W dniach 15-17 czerwca bieżącego roku, miałem okazję uczestniczyć w drugiej edycji konwentu fantastyki Cytadela. Odbył się on w niezwykle klimatycznej Twierdzy Modlin w Nowym Dworze Mazowieckim i muszę przyznać, że zapamiętam go na długo. Poza uczestniczeniem w programie miałem przyjemność również go tworzyć. Zobaczcie jak oceniam tegoroczną edycję!
Piękna pogoda sprzyjała, a masa atrakcji nie pozwalała się nudzić od pierwszego dnia. Ja pojawiłem się w piątek o godzinie 16 i już od wejścia widziałem duże zainteresowanie ze strony uczestników. Prawdę mówiąc była ich cała masa, ale co się dziwić? Konwent wypadł wprost cudownie!
Piątek
Jak już wspomniałem pojawiłem się na Cytadeli w piątek, kiedy wszystko tak naprawdę nabierało rozpędu. Jako gość festiwalu zostałem zaproszony na panel „Jak przeżyć apokalipsę”, który odbył się tego dnia o 17. Miałem przyjemność uczestniczyć w nim wraz z Dominiką „Nerd Kobietą” Tarczoń, oraz z Krzysztofem Haladynem. Wspólnie opowiadaliśmy o końcu świata, jego genezie, możliwościach przeżycia „po” i o wielu innych rzeczach. Nawet udało nam się nieco pokłócić! W moim mniemaniu panel wypadł bardzo dobrze i ku mojemu zdziwieniu cieszył się sporym zainteresowaniem uczestników.

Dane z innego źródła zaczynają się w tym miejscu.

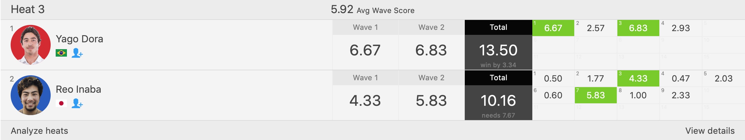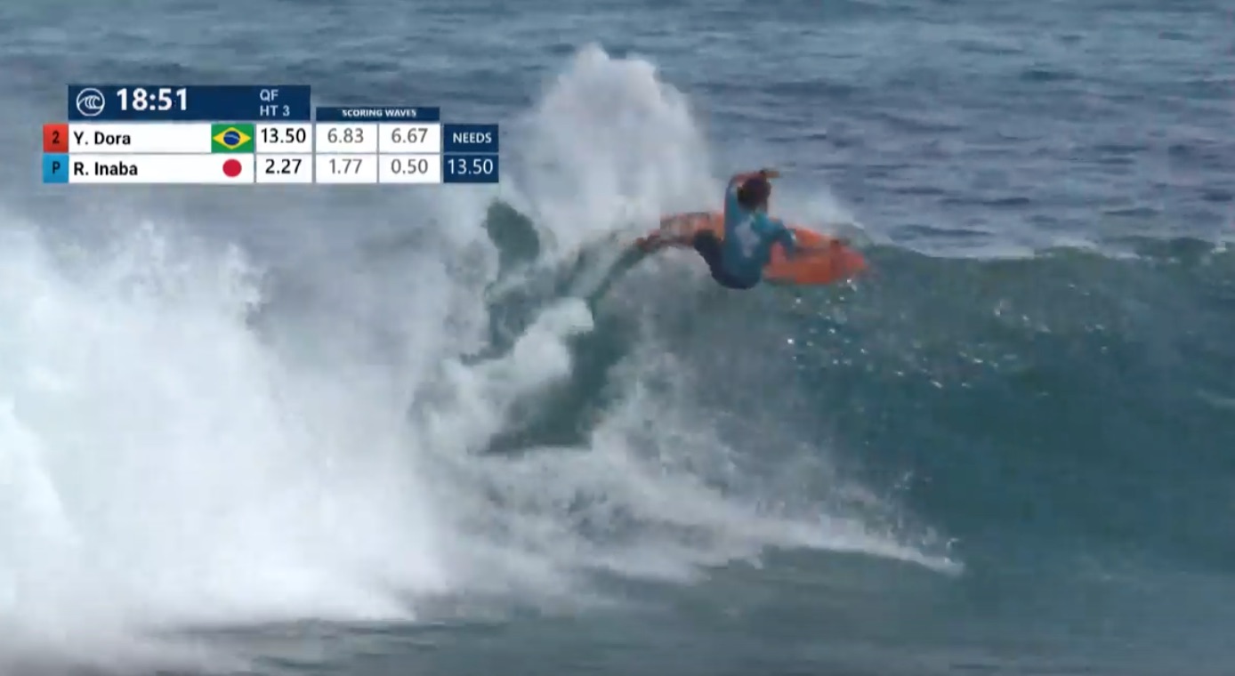 1本目の波から6.67ptのグッドスコアをマークして早くもヒートの流れを掴んだYago Doraに対し、逆転につながる波を探し続け、3本目に4.33pt、7本目には5.83ptとスコアを重ねていった稲葉だったが、惜しくもここで敗退。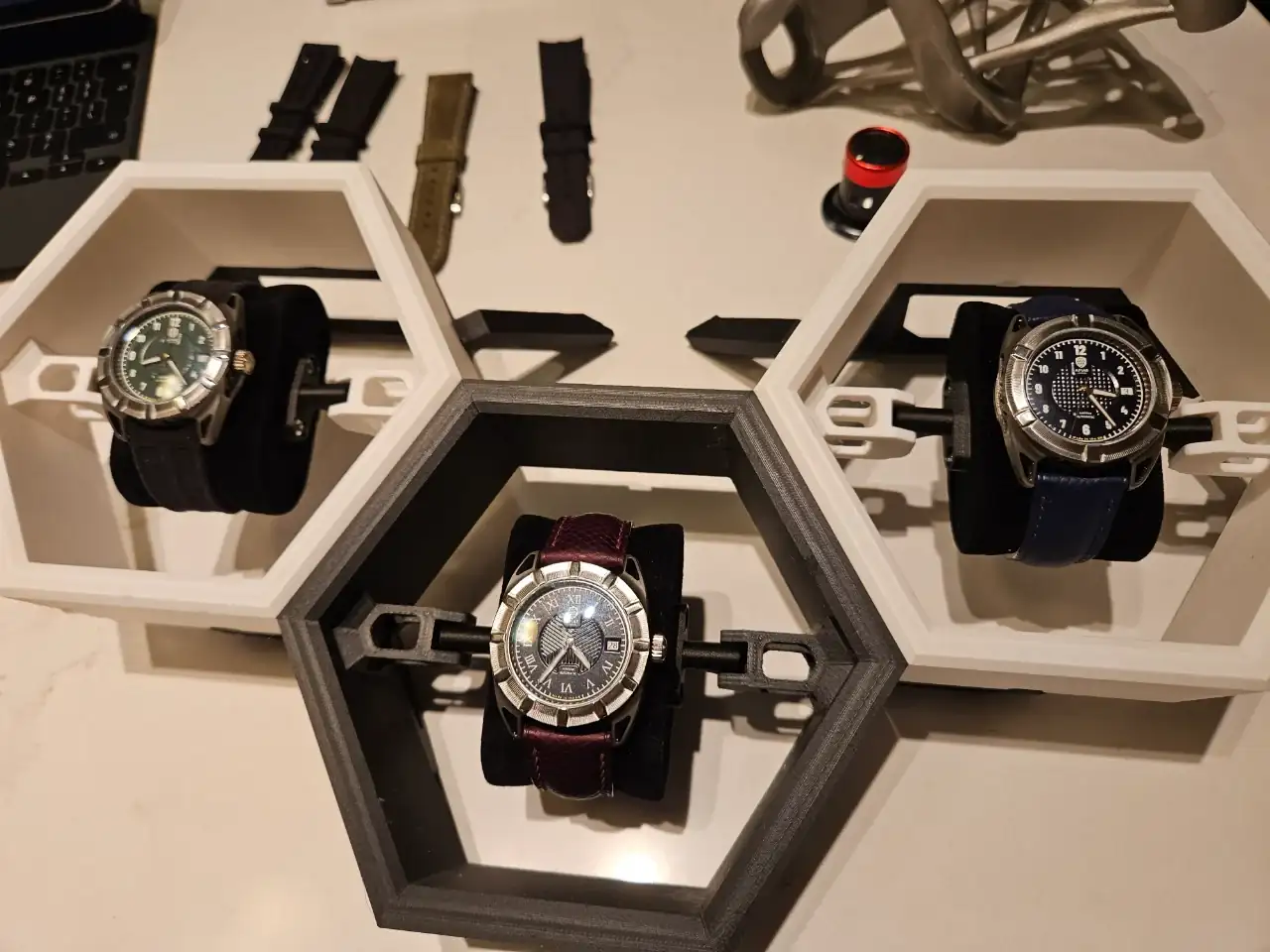 Están hechos con impresión 3D de metal, titanio si no entendí mal (en este punto me gustaría recordar que allí todo era en inglés, y yo no soy bilingüe 😆). Su web tiene un configurador para que te crees tu propio reloj y una vez hecho el pedido , te lo producen.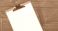 • Flat lay of wooden table clipboard featuring blank paper and blue pen wide copy space for text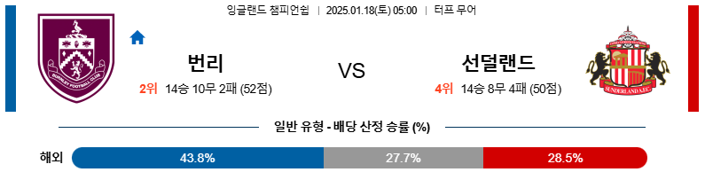 번리 대 선덜랜드 잉글랜드챔피언쉽 01월18일 맞대결 생중계, 스포츠중계, 스포츠분석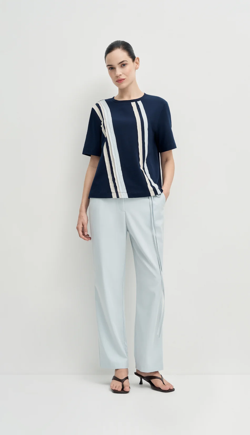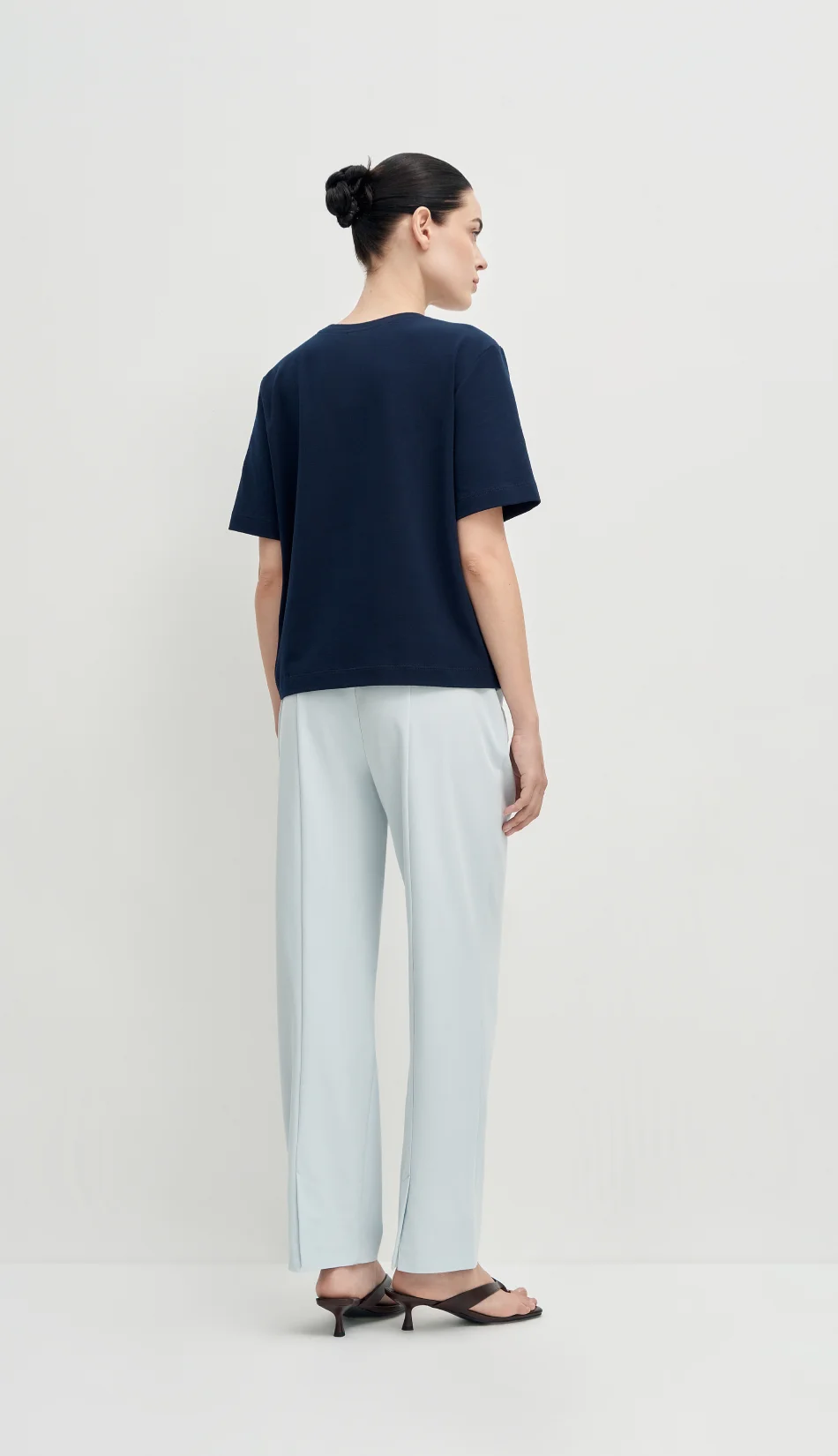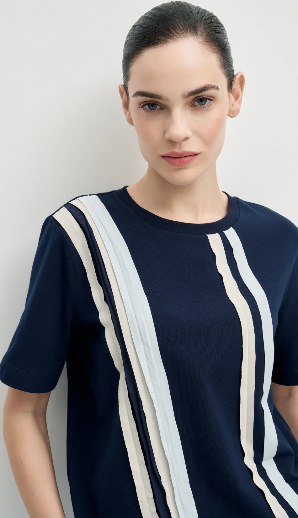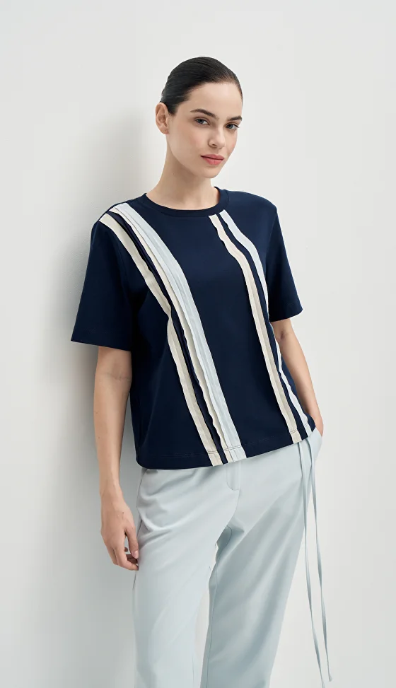 Футболка в глубоком синем оттенке с дизайнерскими акцентами в виде надстрочных элементов. Линия добавляет пластики и выводят блузу за рамки базовой, сохраняя при этом лаконичность.

Kolejnym punktem programu dotyczącym mojej osoby była autorska prelekcja „Zombie istnieją – i co dalej”. Jednak z uwagi na to, że miała się odbyć dopiero o 21:30, miałem dużo czasu na zwiedzenie całego terenu festiwalu. Przede wszystkim pojawiło się dużo zmian względem pierwszej edycji. Wystawcy wyszli na zewnątrz, pojawiło się więcej wiosek, w tym wioska Mad Maxa i wioska Tolkienowska. Nie zabrakło także znanej z poprzedniej edycji wioski Stalkerów. Wszystkie robiły piorunujące wrażenie.

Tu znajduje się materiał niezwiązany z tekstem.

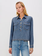 The Ports Shirt is made from soft, lightweight denim with a cropped fit and half placket. Snap-front closures and dual chest pockets complete the look.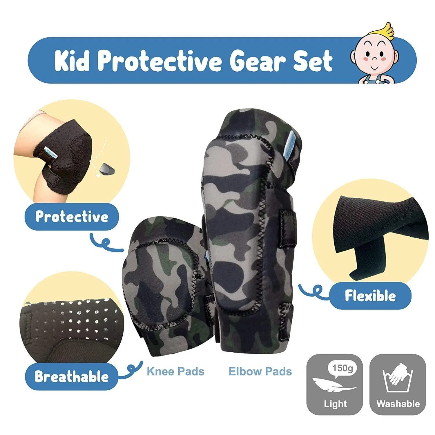 [1st Gen.] Innovative Soft Kids Elbow and Knee Pads with Bike Gloves (Olive Camouflage)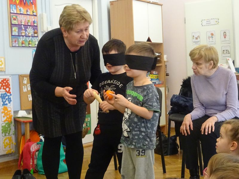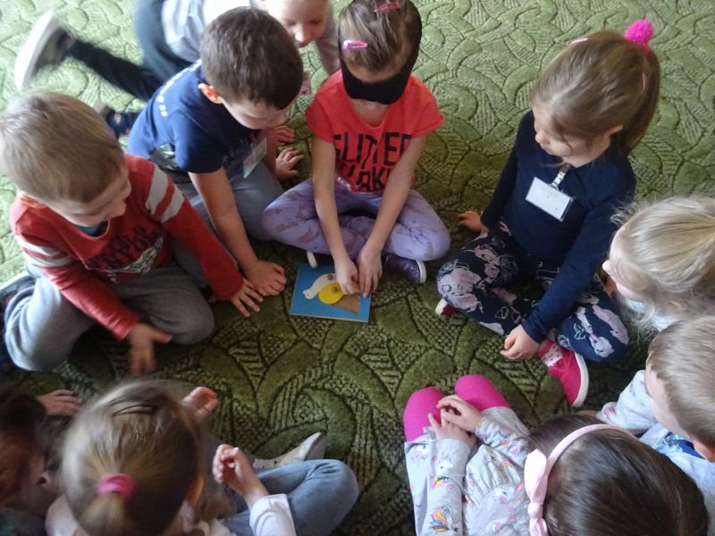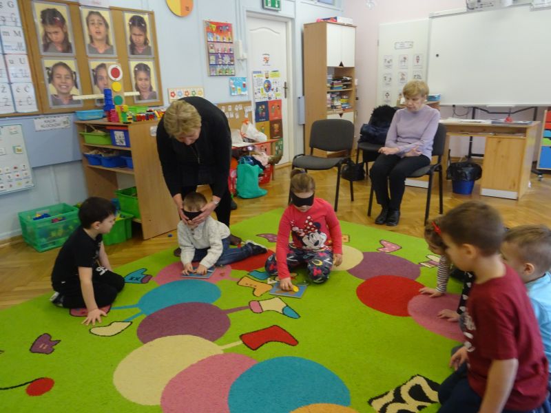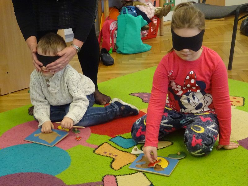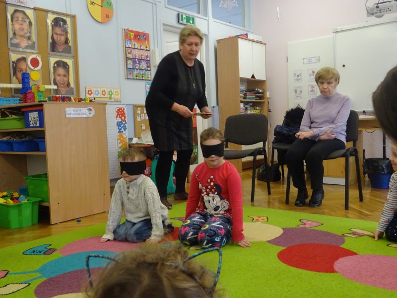 W dniu 19.02.2020 r. dzieci z grup „Plastusie“ oraz „Tygrysy“ wzięły udział w zajęciach terapeutycznych prowadzonych przez Panie z Poradni Psychologiczno-Pedagogicznej w Stalowej Woli. Celem zajęć było dostarczenie doświadczeń związanych z dysfunkcjami zmysłów i narządów, a także rozwijanie umiejętności rozumienia i niesienia pomocy osobom niepełnosprawnym.

Po wstępnym zwiedzeniu obiektu, wraz ze znajomymi postanowiliśmy na chwilę zalec w strefie gastro, która mocno się rozrosła a to z kolei spowodowało rozluźnienie kolejek po jedzenie czy napoje. To właśnie minimalistyczna strefa gastro była chyba moim największym zarzutem do pierwszej edycji. Szybko też zauważyłem przemieszczenie się sceny, która tym razem wylądowała niedaleko stolików przy których siedzieliśmy. Spowodowało to, że wszyscy jedzący i pijący mieli okazję widzieć wszystko to, co się na niej dzieje, a działo się sporo. Od koncertów, przez pokazy mody i konkursu cosplayu włącznie.

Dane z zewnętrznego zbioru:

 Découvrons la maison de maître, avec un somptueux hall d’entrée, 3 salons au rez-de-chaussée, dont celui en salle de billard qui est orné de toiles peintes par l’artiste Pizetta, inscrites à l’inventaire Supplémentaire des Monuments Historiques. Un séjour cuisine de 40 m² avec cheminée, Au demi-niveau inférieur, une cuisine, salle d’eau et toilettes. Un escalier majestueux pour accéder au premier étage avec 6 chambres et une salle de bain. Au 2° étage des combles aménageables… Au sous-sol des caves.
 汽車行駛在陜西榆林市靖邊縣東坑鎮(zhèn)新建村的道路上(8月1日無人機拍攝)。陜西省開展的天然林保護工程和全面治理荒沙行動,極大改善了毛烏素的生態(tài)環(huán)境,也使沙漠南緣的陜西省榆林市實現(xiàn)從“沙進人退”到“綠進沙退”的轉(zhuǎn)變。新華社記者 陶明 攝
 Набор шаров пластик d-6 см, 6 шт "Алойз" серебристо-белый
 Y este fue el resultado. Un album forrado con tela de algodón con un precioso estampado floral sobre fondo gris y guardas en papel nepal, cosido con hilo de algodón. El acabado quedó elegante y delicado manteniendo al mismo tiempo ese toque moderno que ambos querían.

Chociaż po zakończeniu mojej prelekcji było już niemal ciemno i wszyscy wystawcy się zwinęli to jednak nie oznaczało to końca imprezy. Muzyka płynąca z wiosek, rozpalone ogniska i masa ludzi przy nich znaczyły, że rozpoczęła się nocna zmiana konwentu. W jej trakcie posiedziałem wraz ze stalkerami rozmawiając i śmiejąc się w najlepsze, aż do bardzo późnej pory.
W końcu przyszedł czas na sen i z racji możliwości skorzystania ze sleeproomu dla twórców programu, właśnie tam się udałem. Niestety po ujrzeniu warunków w jakich miałem spędzić noc nieco zwątpiłem. Chociaż wiedziałem, że nie będą czekać na mnie luksusy to jednak brudny, pełen kurzu pokój trochę odstraszał. Organizatorzy wspomnieli przed przyjazdem o konieczności posiadania karimaty i śpiwora, a najlepiej też materaca dmuchanego – byłem więc przygotowany. O dziwo był dostępny prąd, więc w gruncie rzeczy nie było tak źle. Największym problemem była odległość do najbliższej toalety, a o istnieniu prysznica tylko słyszałem, bo nawet nie wiedziałem gdzie go mogę znaleźć. W końcu jak to mówią, co nas nie zabije, to nas wzmocni!
Sobota
Noc przebiegła bez większych przeszkód, a koleżanka z pokoju (którą serdecznie pozdrawiam) była niezwykle miła i uprzejma, toteż nie mogę narzekać na złe towarzystwo.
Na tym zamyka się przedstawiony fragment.